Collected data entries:
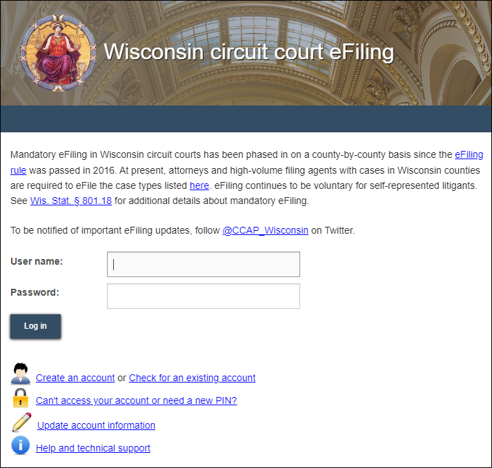 Circuit court eFiling Logging into Wisconsin circuit court eFiling
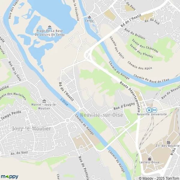 Neuville-sur-Oise appartient au département du Val-d'Oise (dont le chef-lieu est Cergy) Insee. Wikipedia. Plan des rues de Neuville-sur-Oise ». Codes postaux d'autres villes du Val-d'Oise : Argenteuil. Arnouville.
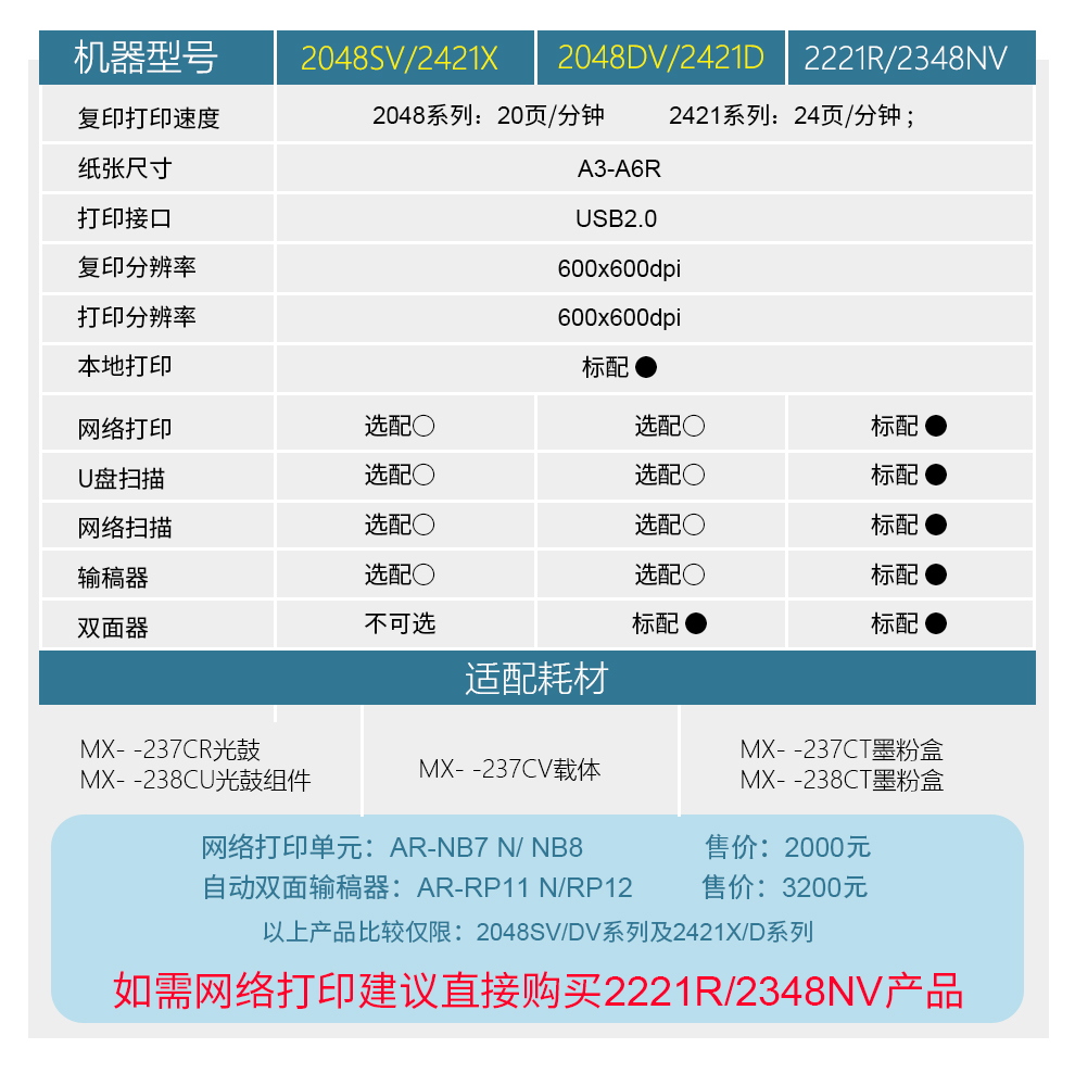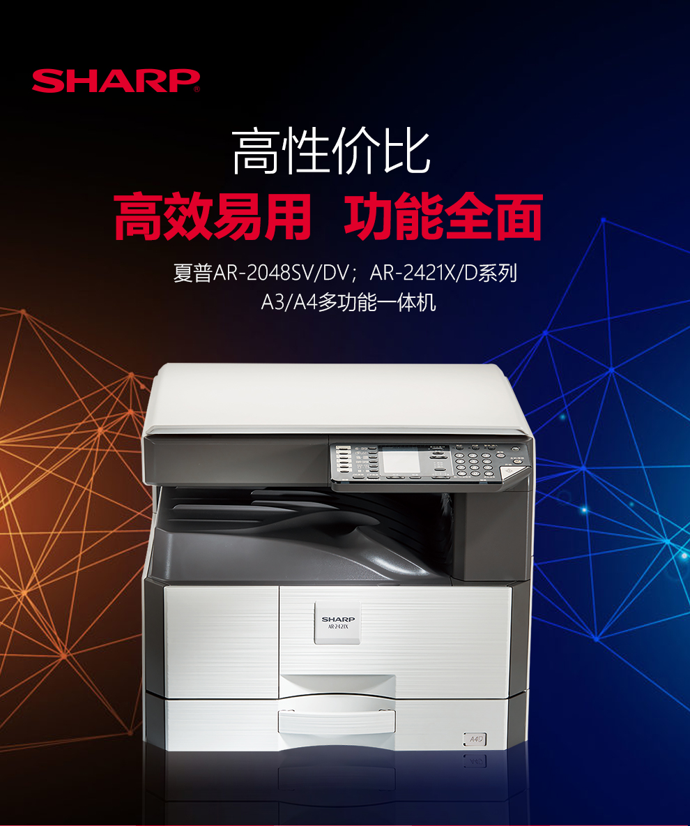 夏普(SHARP)AR-2421/2221/2348黑白数码复合机 复印机 多功能复印打印扫描一体机 2421X主机 【单张单面复印.扫描.打印】
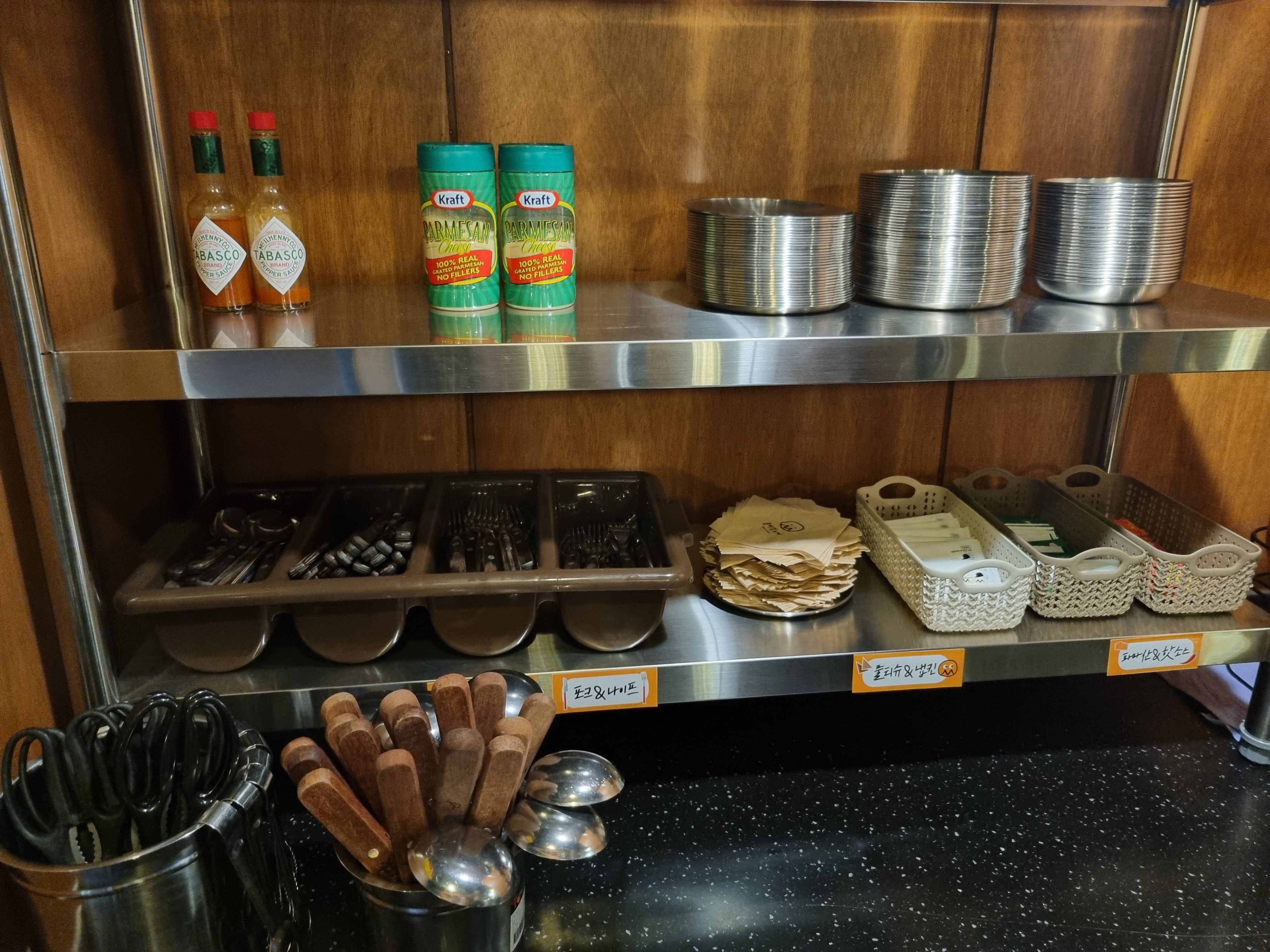 셀프로 이루어지는 것이 많다보니 이렇게 구석에 셀프 바가 있습니다.
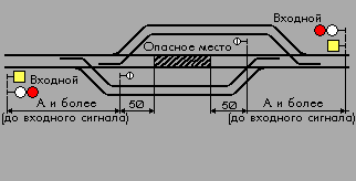 - требующие остановки при опасности для движения, возникшей на переездах, крупных искусственных сооружениях и обвальных местах, а также при ограждении составов для осмотра и ремонта вагонов на станционных путях;
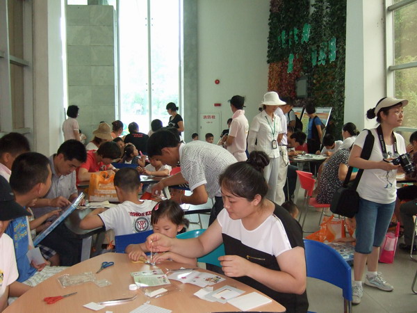 展示区,小朋友们在家长的陪同下,进行了“林中寻宝”游戏,首先由科普博士讲解员给孩子们介绍各种植物知识及植物叶的叶形、叶脉、叶缘、叶的排列方式等基础知识,随后孩子们利用掌握的知识寻找答案,从中感受到游戏的乐趣。在科普馆孩子们自己动手制作押花小卡片,他们利用干花、干枝、干叶等植物材料,充分发挥自己的想象,创作一幅作品。孩子们纷纷自己动手完成创作,有些孩子则把自己亲手制作的小卡片送给老师和同学,他们希望下次再来做不同的图案,孩子们从中感受到自己动手的乐趣。
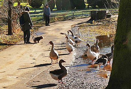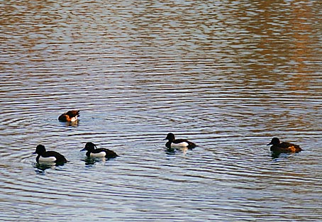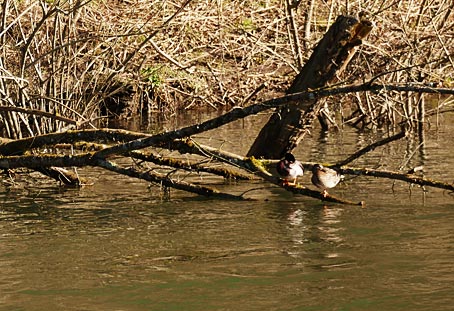 Reiherenten (Aythya fuligula) und Kanadagans (Branta canadensis)
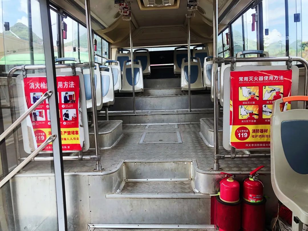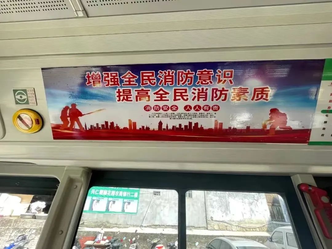 作为公交车站台,让群众在候车时可以学习消防安全常识;公交车和乡镇客车内的拉手及驾驶员后背广告及车顶上消防宣传广告,又让坐在车上的群众抬头就可以学习消防安全知识;而公交车车身上的消防宣传广告,则成为贯穿兴义市城乡社区广场学校工厂企事业单位的流动消防宣传平台。
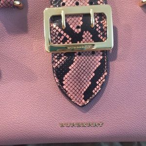 This is a Limited and rare 100% authentic Burberry Buckle Bag ... The dusty pink bag feature real pony calf skin leather & Python print ... shoulder strap that features signature Burberry check pattern, and a crossbody strap .. size is 10 x 5 x 8 . Perfect and ideal for everyday use .. Retail tag was cut off by Burberry and I ensure it’s never been used . Retails for 2600$ Dust bag included.. A must have for any Burberry fanatics... please feel free to ask more questions if needed.
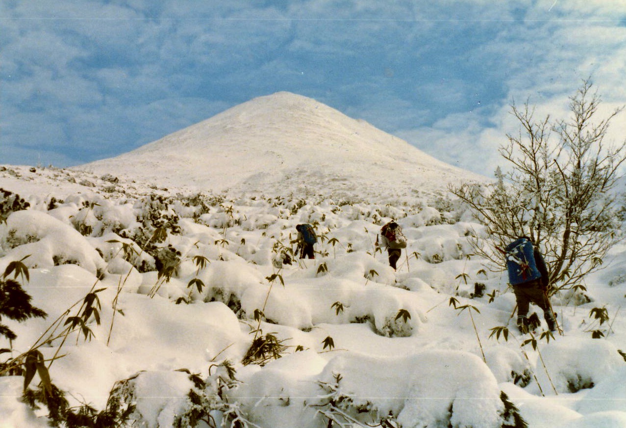 1978年12月 小積雪の中、美瑛富士を目指す 右端に長谷
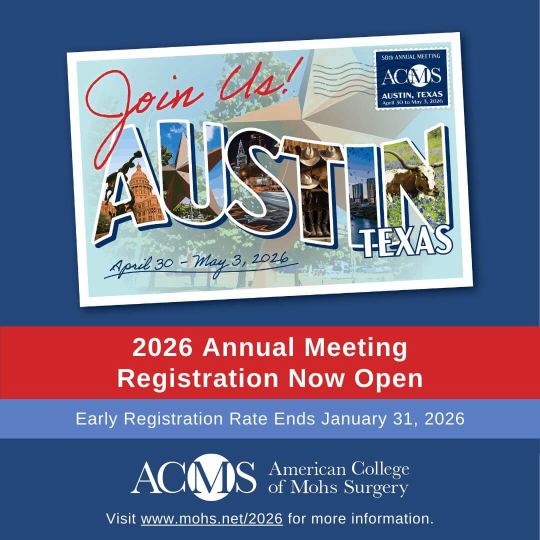 « All Events ACMS 58th Annual Meeting April 30 - May 3 « American College of Mohs ADC 2026 103rd Annual Conference » + Google Calendar+ Add to iCalendar Details Start: April 30 End: May 3 Website: http://mohscollege.org/for-physicians/annual-meeting/2026-annual-meeting/abstractsposters Venue JW Marriott, Austin, Texas
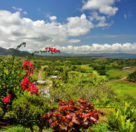 Vertical panorama of the Fijian west coast In the foreground Hibiscus - the Fijian national symbolic flower In the background Nadi and Denarau Island
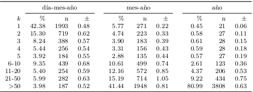 De hecho, sabidos el municipio, el sexo y de la fecha ya sea solo el año, el año y el mes o año, mes y día, el grado de k-anonimidad viene dado por la siguiente tabla:
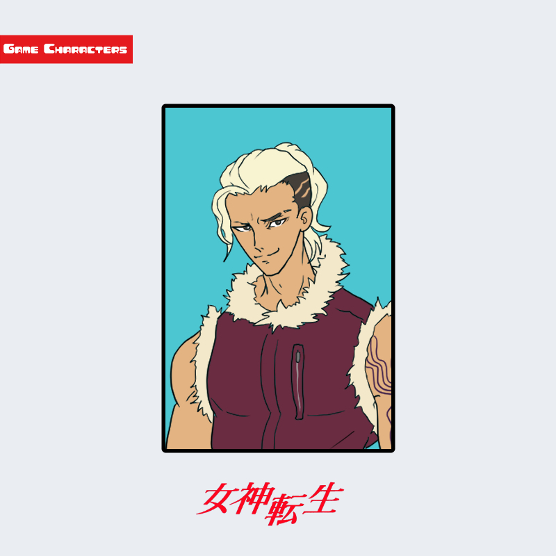 『D×2 真・女神転生 リベレーション』に登場する蔡正雲は、片側を刈り上げたアシンメトリーな髪型が特徴的な男性キャラクターである。髪色は明るい金髪で、長く垂れた前髪が左側に流れる造形を持つ。衣装は肩を露出したノースリーブのファージャケットで、襟元には厚手の白い毛皮装飾が施されている。胸元のジッパーラインや腕のタトゥー的模様がアクセントとなり、全体として「ストリート戦闘型」の構造分類に属する。

* **What needs to be done**
Please take the lines from the beginning of the data above through the line holding "셀프로 이루어지는 것이 많다보니 이렇게 구석에 셀프 바가 있습니다." and transcribe them exactly, without any pictures.

* **Your solution**
 Circuit court eFiling Logging into Wisconsin circuit court eFiling
 Neuville-sur-Oise appartient au département du Val-d'Oise (dont le chef-lieu est Cergy) Insee. Wikipedia. Plan des rues de Neuville-sur-Oise ». Codes postaux d'autres villes du Val-d'Oise : Argenteuil. Arnouville.
 夏普(SHARP)AR-2421/2221/2348黑白数码复合机 复印机 多功能复印打印扫描一体机 2421X主机 【单张单面复印.扫描.打印】
 셀프로 이루어지는 것이 많다보니 이렇게 구석에 셀프 바가 있습니다.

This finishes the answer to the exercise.